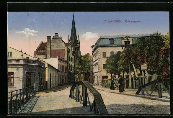 AK Elmshorn, Kaiserstrasse mit Brücke und Kirche
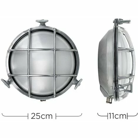 These nautical style outdoor wall lights are perfect for anyone looking to inject a sense of the seven seas into their garden. With an IP66 rating you don’t need to worry about weather or rain damage. Ideal for outdoor walls garages porches and patios. These sturdy fittings are available in a sleek polished aluminium metal finish. Paired with one of our vintage style bulbs you can create a beautiful lantern.
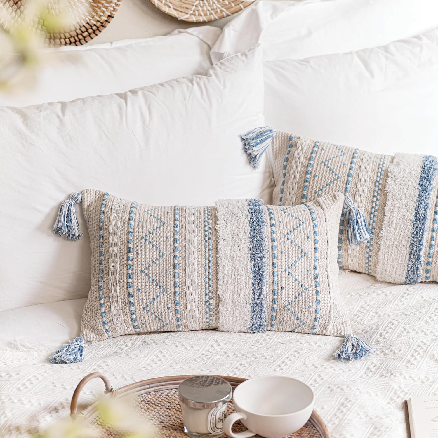 BlissBlush Blue Decorative Lumbar Throw Pillow Cover 12x20 Rectangular Boho Accent Pillowcase Neutral White Farmhouse Cushion for Couch Sofa Bedroom Living Home Décor (Cover ONLY, Pack of 1)
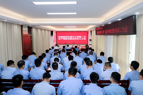 6月13日下午,軌道分公司在軌道3號線南延2標召開全體員工大會,黨總支副書記趙明星主持會議。
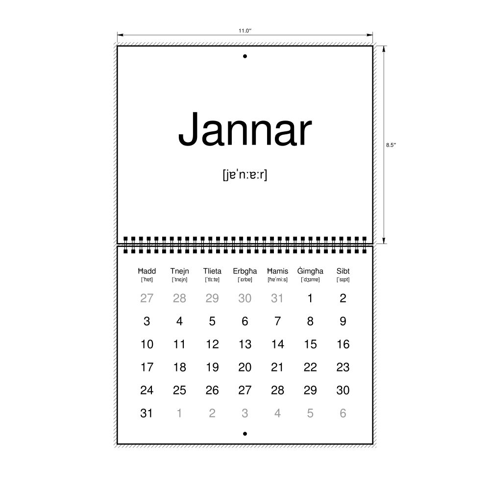 2027 Phonetic Wall CalendarMaltese-Labeled with IPA, Sunday-Start Layout, Wire-Bound, 11 x 8.5 in (27.9 x 21.6 cm)
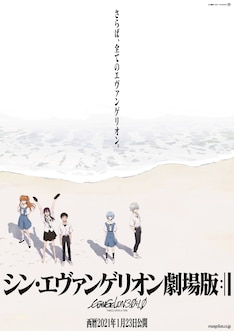 2021年1月23日に全国公開される「シン・エヴァンゲリオン劇場版」。本予告映像では、これまで「ヱヴァンゲリヲン新劇場版」シリーズすべてに楽曲提供をしてきた宇多田ヒカルが、今作のために書き下ろしたテーマソング「One Last Kiss」の一部が初公開された。また映画の総作画監督・錦織敦史の描き下ろしとなるポスターには、シンジ、レイ、アスカ、カヲル、マリの姿が描かれた。
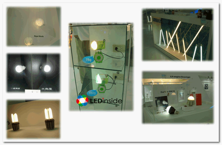 光宝以“Lite-On the Light, Green Your Life”为诉求,会场中展出LED照明产品,包括全球最轻量78g、Ra>90、800lm电球,与符合IP54之防水及V0防火等级之AC LED灯管。展览中,也包括荣获2011 iF设计大奖的“行动电球”,利用LED元件低电压启动特性,结合电能与控制应用新概念,让LED灯泡抽离灯座后仍能自行发光,停电时灯球摇身一变就成紧急照明灯或手电筒。此外也推出三款出光角度高达300度的灯泡与灯具,近于白炽灯的照明效果。
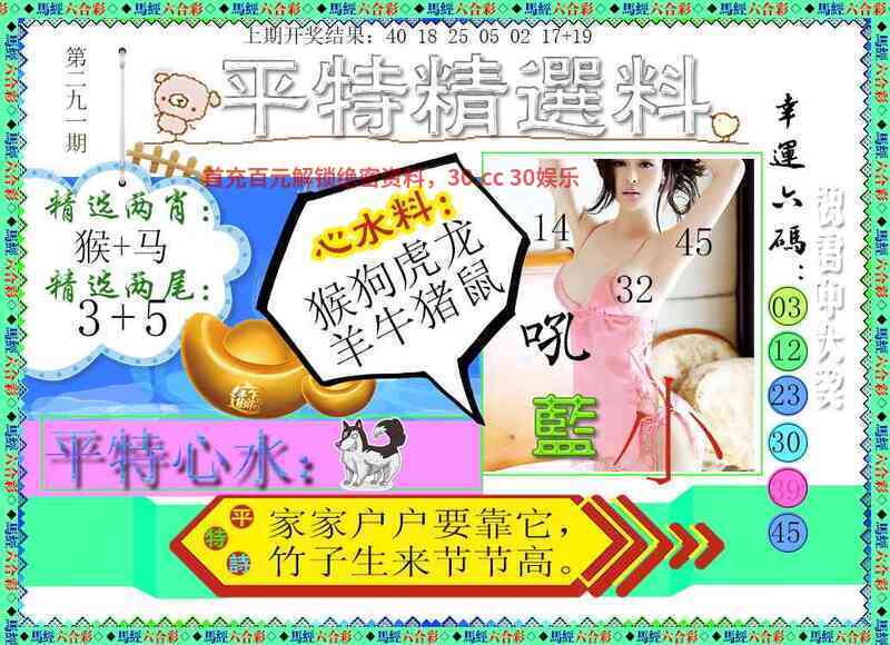 295期【解一句真言】:实实在在不夸张,实实在在,解吉美生肖马蛇龙羊鸡兔 王牌看好波色:绿波+红波 王牌看好单双:双数+牛鸡 |
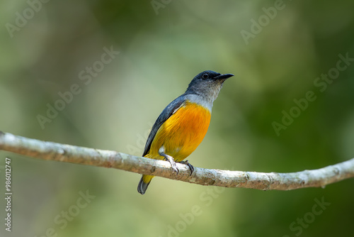 bird, wildlife, nature, avian, fauna, small bird, songbird, passerine, perched, tree branch, twig, tree, leaf, foliage, green background, bokeh, blurred background, outdoors, wild, animal, closeup, portrait, half face, looking, tropical bird, southeast asia, asia, malaysia, biodiversity
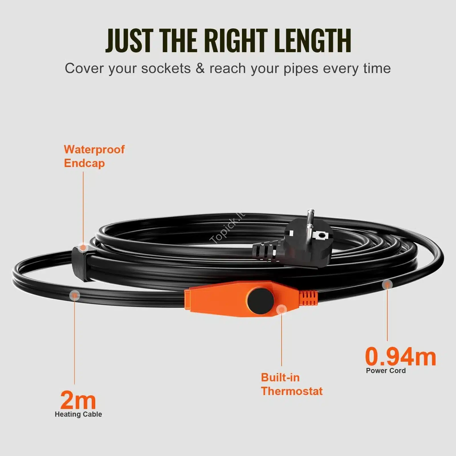 🔧 Lengvas montavimas: komplekte yra visi reikalingi priedai, leidžiantys lengvai ir greitai įrengti kabelį tiek tiesiai, tiek spirale aplink vamzdį.
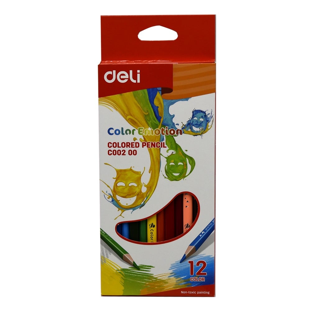 Deli wooden pencils. Deli colored pencils are pencils made of non-toxic synthetic resin material for children. The colors write quickly and are both vivid and full.
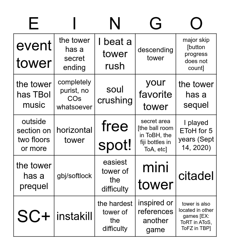 This bingo card has a free space and 24 words: gbj/softlock, instakill, soul crushing, SC+, major skip [button progress does not count], event tower, the tower has TBoI music, the tower has a secret ending, secret area [the ball room in ToBH, the fiji bottles in ToA, etc], easiest tower of the difficulty, your favorite tower, outside section on two floors or more, mini tower, citadel, completely purist, no COs whatsoever, inspired or references another game, I played EToH for 5 years (Sept 14, 2020), I beat a tower rush, the tower has a sequel, horizontal tower, tower is also located in other games [EX: ToRT in AToS, ToFZ in TBP], the tower has a prequel, descending tower and the hardest tower of the difficulty.
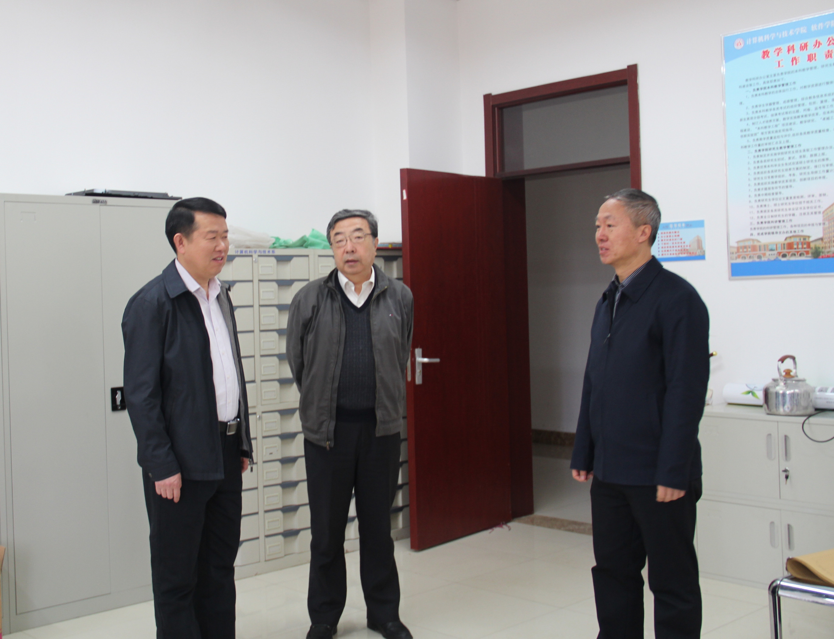 会前,在梁书记和陈院长的陪同下,沈书记参观了学院办公环境和研究生研究室等。
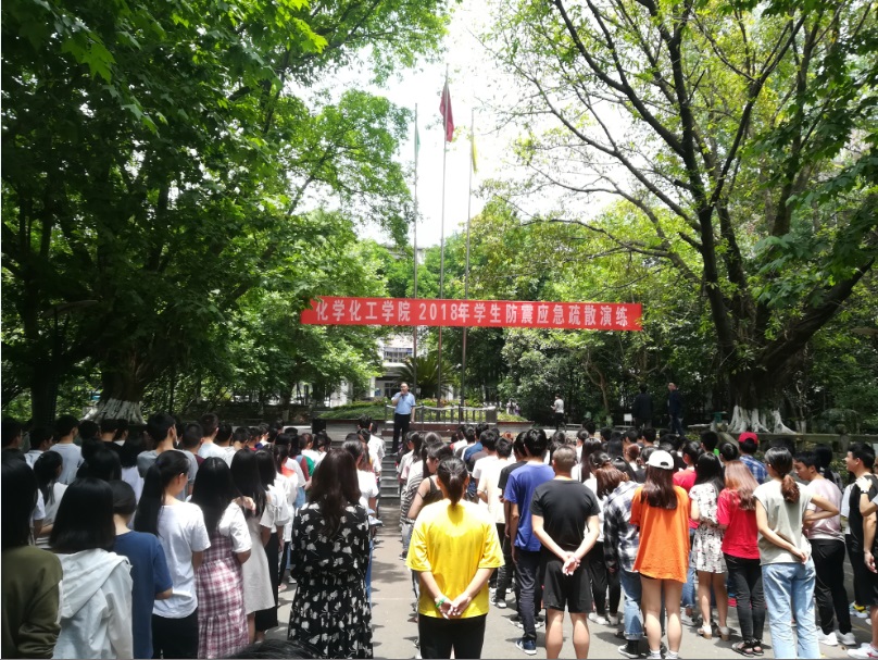 2018年5月14日中午,taptap点点于在南坝校区举行防震应急疏散演练。化工学院党总支书记朱朝菊、党总支副书记屈川、学工办主任兼团总支书记彭波到场指挥。学院主要学生干部和230余名2017级同学参加了此次活动。
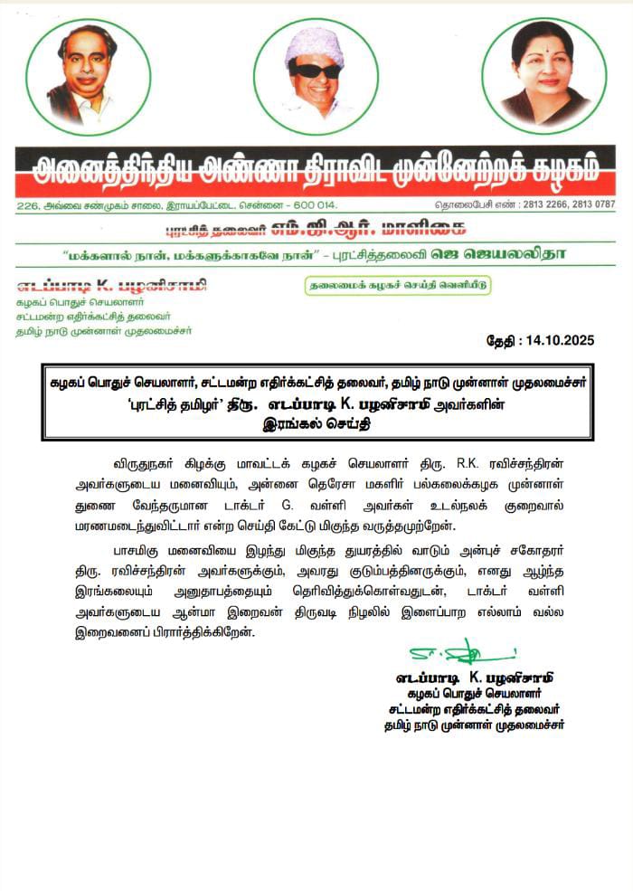 விருதுநகர் அதிமுக கிழக்கு மாவட்ட செயலாளர் ரவிச்சந்திரன் அவர்களது மனைவி கொடைக்கானல் அன்னை தெரசா பல்கலைக்கழக முன்னாள் துணைவேந்தர் டாக்டர் வள்ளி அவர்கள் உடல் நலக்குறைவினால் காலமானார்.

════

Without the pictures, retype each line of the records above exactly.

EXERCISE OUTPUT:
 AK Elmshorn, Kaiserstrasse mit Brücke und Kirche
 These nautical style outdoor wall lights are perfect for anyone looking to inject a sense of the seven seas into their garden. With an IP66 rating you don’t need to worry about weather or rain damage. Ideal for outdoor walls garages porches and patios. These sturdy fittings are available in a sleek polished aluminium metal finish. Paired with one of our vintage style bulbs you can create a beautiful lantern.
 BlissBlush Blue Decorative Lumbar Throw Pillow Cover 12x20 Rectangular Boho Accent Pillowcase Neutral White Farmhouse Cushion for Couch Sofa Bedroom Living Home Décor (Cover ONLY, Pack of 1)
 6月13日下午,軌道分公司在軌道3號線南延2標召開全體員工大會,黨總支副書記趙明星主持會議。
 2027 Phonetic Wall CalendarMaltese-Labeled with IPA, Sunday-Start Layout, Wire-Bound, 11 x 8.5 in (27.9 x 21.6 cm)
 2021年1月23日に全国公開される「シン・エヴァンゲリオン劇場版」。本予告映像では、これまで「ヱヴァンゲリヲン新劇場版」シリーズすべてに楽曲提供をしてきた宇多田ヒカルが、今作のために書き下ろしたテーマソング「One Last Kiss」の一部が初公開された。また映画の総作画監督・錦織敦史の描き下ろしとなるポスターには、シンジ、レイ、アスカ、カヲル、マリの姿が描かれた。
 光宝以“Lite-On the Light, Green Your Life”为诉求,会场中展出LED照明产品,包括全球最轻量78g、Ra>90、800lm电球,与符合IP54之防水及V0防火等级之AC LED灯管。展览中,也包括荣获2011 iF设计大奖的“行动电球”,利用LED元件低电压启动特性,结合电能与控制应用新概念,让LED灯泡抽离灯座后仍能自行发光,停电时灯球摇身一变就成紧急照明灯或手电筒。此外也推出三款出光角度高达300度的灯泡与灯具,近于白炽灯的照明效果。
 295期【解一句真言】:实实在在不夸张,实实在在,解吉美生肖马蛇龙羊鸡兔 王牌看好波色:绿波+红波 王牌看好单双:双数+牛鸡 |
 bird, wildlife, nature, avian, fauna, small bird, songbird, passerine, perched, tree branch, twig, tree, leaf, foliage, green background, bokeh, blurred background, outdoors, wild, animal, closeup, portrait, half face, looking, tropical bird, southeast asia, asia, malaysia, biodiversity
 🔧 Lengvas montavimas: komplekte yra visi reikalingi priedai, leidžiantys lengvai ir greitai įrengti kabelį tiek tiesiai, tiek spirale aplink vamzdį.
 Deli wooden pencils. Deli colored pencils are pencils made of non-toxic synthetic resin material for children. The colors write quickly and are both vivid and full.
 This bingo card has a free space and 24 words: gbj/softlock, instakill, soul crushing, SC+, major skip [button progress does not count], event tower, the tower has TBoI music, the tower has a secret ending, secret area [the ball room in ToBH, the fiji bottles in ToA, etc], easiest tower of the difficulty, your favorite tower, outside section on two floors or more, mini tower, citadel, completely purist, no COs whatsoever, inspired or references another game, I played EToH for 5 years (Sept 14, 2020), I beat a tower rush, the tower has a sequel, horizontal tower, tower is also located in other games [EX: ToRT in AToS, ToFZ in TBP], the tower has a prequel, descending tower and the hardest tower of the difficulty.
 会前,在梁书记和陈院长的陪同下,沈书记参观了学院办公环境和研究生研究室等。
 2018年5月14日中午,taptap点点于在南坝校区举行防震应急疏散演练。化工学院党总支书记朱朝菊、党总支副书记屈川、学工办主任兼团总支书记彭波到场指挥。学院主要学生干部和230余名2017级同学参加了此次活动。
 விருதுநகர் அதிமுக கிழக்கு மாவட்ட செயலாளர் ரவிச்சந்திரன் அவர்களது மனைவி கொடைக்கானல் அன்னை தெரசா பல்கலைக்கழக முன்னாள் துணைவேந்தர் டாக்டர் வள்ளி அவர்கள் உடல் நலக்குறைவினால் காலமானார்.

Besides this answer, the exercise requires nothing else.